The collaboration with Figgis came through the Dior Lady Art project which Chiuri initiated, and which resulted in the Irish artist being commissioned to “reinterpret” three Lady Dior bags for 2022. Originally designed by Gianfranco Ferré between 1989 and 1996, the bag became an instant best-seller after Lady Diana was famously seen wearing it, and it was rechristened the Lady Dior. Crafted from 144 pieces, with its boxy silhouette, lettered charms and plush quilting (called cannage), “it’s a bag that’s not tied to fashion but has become an icon precisely because of its elaborate simplicity and design which is still capable of evoking new things”, says Chiuri, who selects female artists from all over the world to reinterpret the bag in whatever way they choose for the project, now in its sixth year.
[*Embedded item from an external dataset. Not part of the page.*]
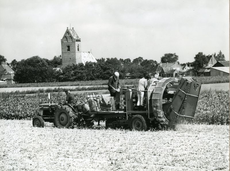 Aardappelrooien met gezicht op de Sint Caecilia.

For Figgis, who lives in Wicklow and has become something of a superstar in the worlds of art and fashion, the commission was a singular challenge. “I was always interested in creating and got my first sewing machine at the age of 11 – my family thought I would become a fashion designer,” she says.

For this project, “I wanted to use the space to create hope and optimism. It was the perfect stage for animal motifs and reflections on our connection with nature and our responsibilities. I used the cat of nine lives [as one motif] as it represents longevity and survival, and for the charms, an embellished bird sitting on an egg. When I saw the samples, I didn’t want to give them back.” she says with a laugh. Her image of a tiger in burgundy vegan leather, “to be Earth-friendly”, decorates one of the other two bags and a pictorial carnival of humans and animals on the third.

Ever since Figgis’s work was discovered online by the American painter and photographer Richard Prince, she has become much sought after. Her images were cited as central to Marc Jacobs 2019 spring-summer collection with its sunset hues and frills, while the costumes of the Netflix Regency-period drama Bridgerton were directly inspired by her work – by her palette, her subversion and vibrancy.

Designer Simone Rocha has admitted to being “obsessed” with Figgis and her fairytale narratives. “A Figgis painting,” says artist Cian McLoughlin, “looks to be in perpetual motion . . . specific and dreamlike. In her hands the strange becomes familiar and the familiar becomes strange.” Figgis has had several strong solo shows, is represented by galleries in New York, Paris and London, and a recent painting sold in Hong Kong for €470,000.

Figgis lives by the sea in Wicklow with her husband and family, having restored a crumbling 19th-century house, and is, by her own admission, completely addicted to her work and the immediacy of painting. “This commission was like a dream come true and I had to rely on the Dior team to put it together and they really got it.”

The bags will be launched in December and will go on sale online in January and in the Dior flagship in London. Dates are to be confirmed.

The new Dublin boutique will contain accessories – key pieces that include scarves, belts and glasses from the Dior 2022 Cruise collection along with bags such as the Lady Dior, the Dior Book Tote and the Dior Caro. There will also be jewellery by Victoire de Castellane including the Rose des Vents collection. It opens on Monday, October 11th.